COVID-19 vaccination in Burundi
- Date: October 18, 2021 - present
- Location: Burundi;
- Cause: COVID-19 pandemic

= COVID-19 vaccination in Burundi =

Plan to immunize against COVID-19

COVID-19 vaccination in Burundi is an ongoing immunisation campaign against severe acute respiratory syndrome coronavirus 2 (SARS-CoV-2), the virus that causes coronavirus disease 2019 (COVID-19), in response to the ongoing pandemic in the country.
Burundi was one of the last nation states in the world to commence vaccination against COVID-19. This was mostly due to the government's refusal to vaccinate the population throughout most of 2021. In February 2021, Thaddee Ndikumana, the health minister of Burundi, said his country was more concerned with prevention measures. "Since more than 95% of patients are recovering, we estimate that the vaccines are not yet necessary," local media reported.

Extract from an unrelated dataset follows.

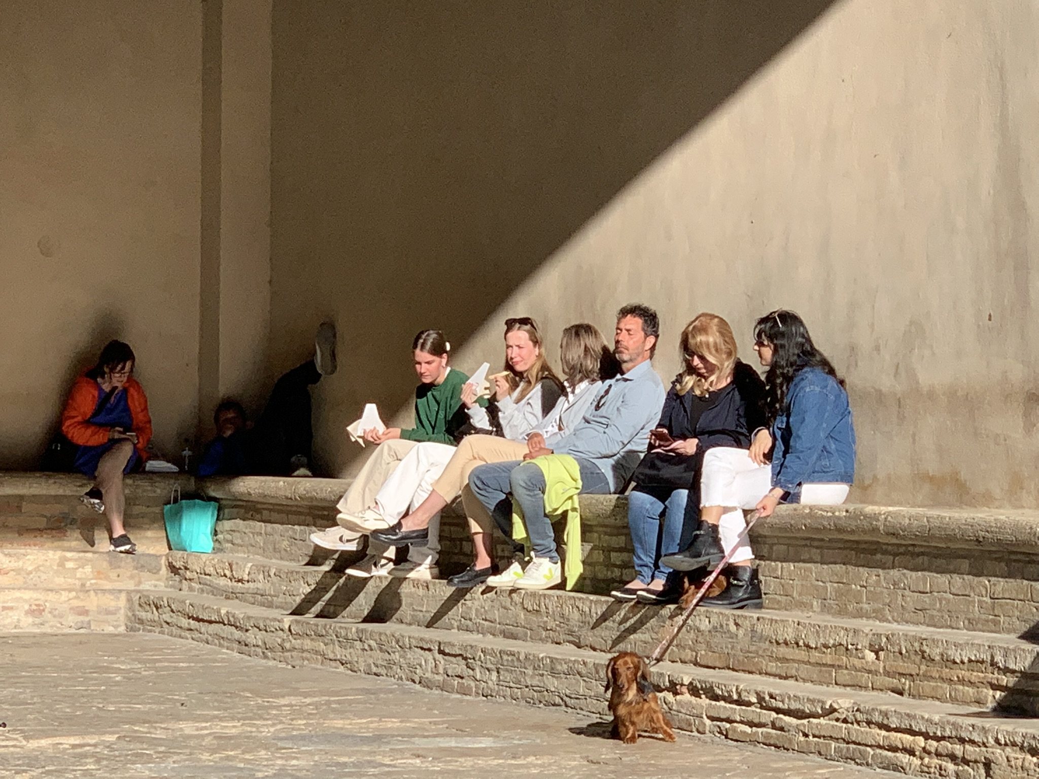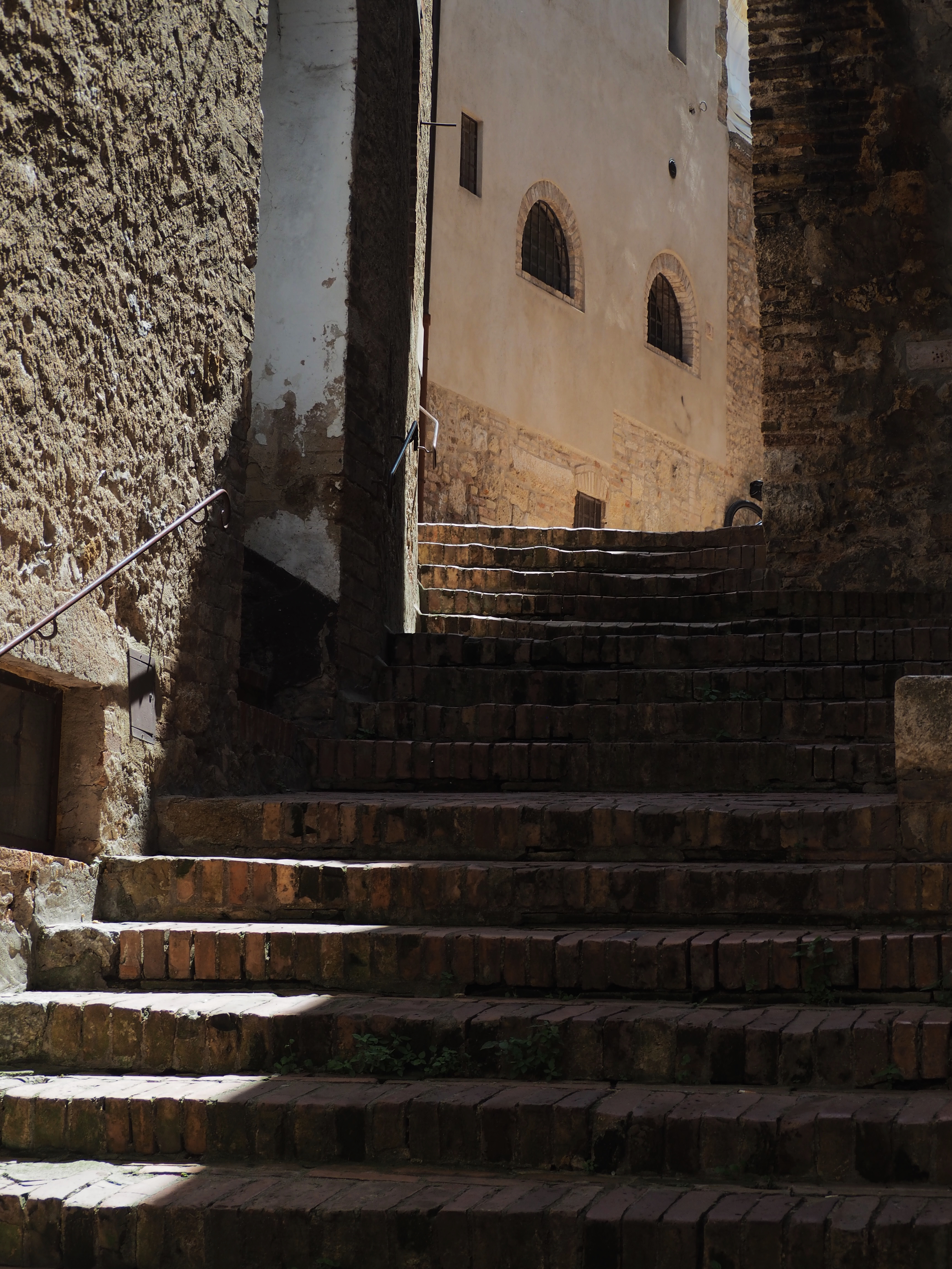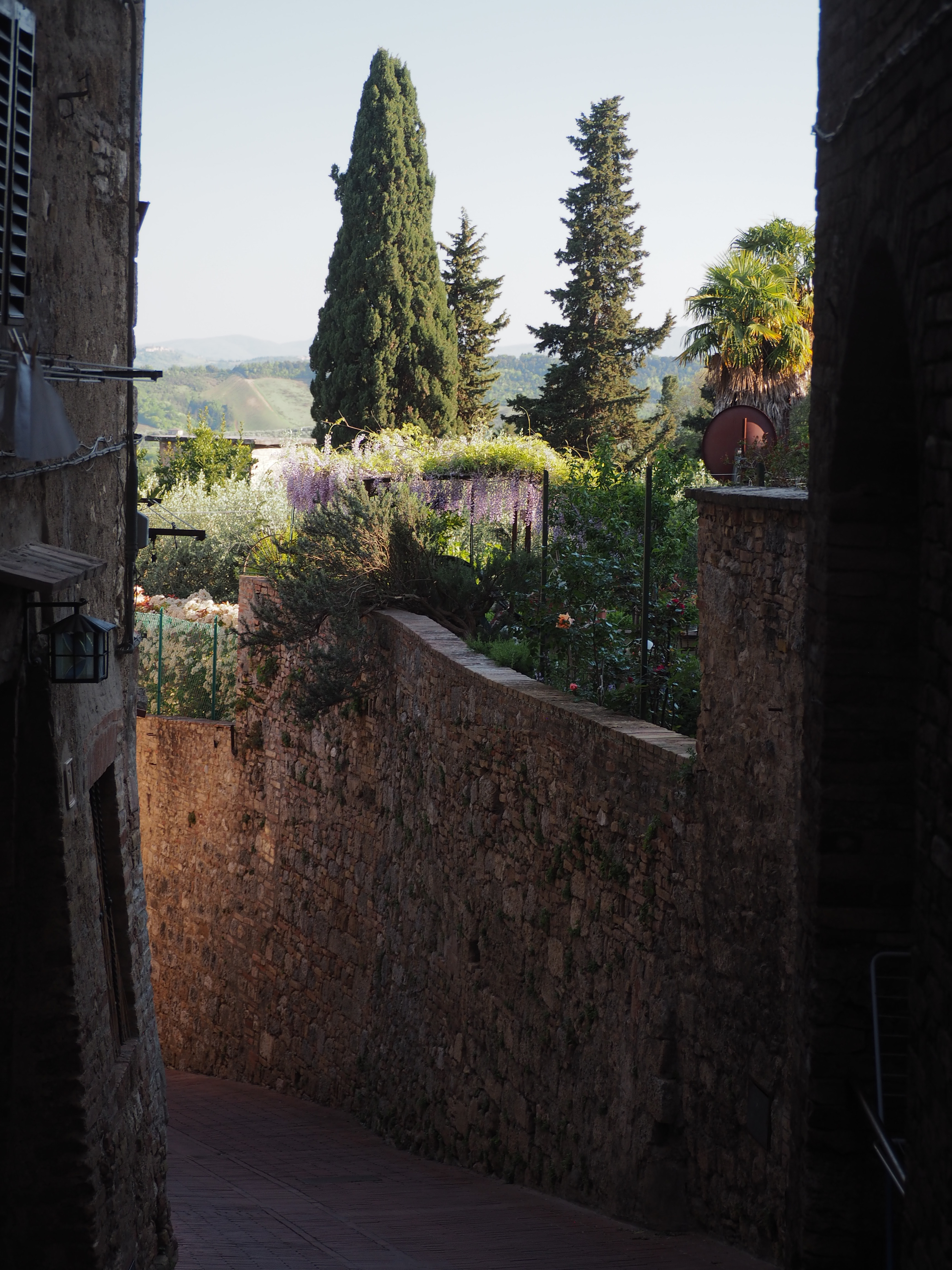When you stroll through the Porta San Giovanni you are transported back in time. Walk up Via San Giovanni to the the main square of the Piazza della Cisterna and it’s neighboring Piazza Delle Erbe. Wander past galleries, restaurants, gift shops and stores selling fresh cured Tuscan meats or local wines, sample some gelato, sit and relax. Explore some side streets and turn a corner to catch a view which comes upon you, unexpectedly, as a surprise gift for making that turn. You’ll be in good company and that’s just what we did.

In October 2021, however, the Burundian government announced that it had received delivery of 500,000 doses of the Chinese Sinopharm BIBP vaccine, and announced that it would begin inoculation. Targeted vaccinations subsequently started on 18 October 2021.

== History ==
=== Timeline ===
==== October 2021 ====
Burundi received a Chinese donation of 500,000 doses of the Sinopharm BIBP vaccine on 14 October and launched a targeted vaccination programme on 18 October 2021. By the end of the month 560 vaccine doses had been administered.

==== November 2021 ====
By the end of the month 1592 vaccine doses had been administered and 778 persons were fully vaccinated.

==== December 2021 ====
By the end of the month 6421 vaccine doses had been administered and 4453 persons were fully vaccinated (less than 0.1% of the targeted population).

==== January 2022 ====
By the end of the month 8400 vaccine doses had been administered and 6016 persons were fully vaccinated (less than 0.2% of the targeted population).

==== February 2022 ====
By the end of the month 11502 vaccine doses had been administered and 9181 persons were fully vaccinated.

==== March 2022 ====
By the end of the month 12464 vaccine doses had been administered and 9906 persons were fully vaccinated.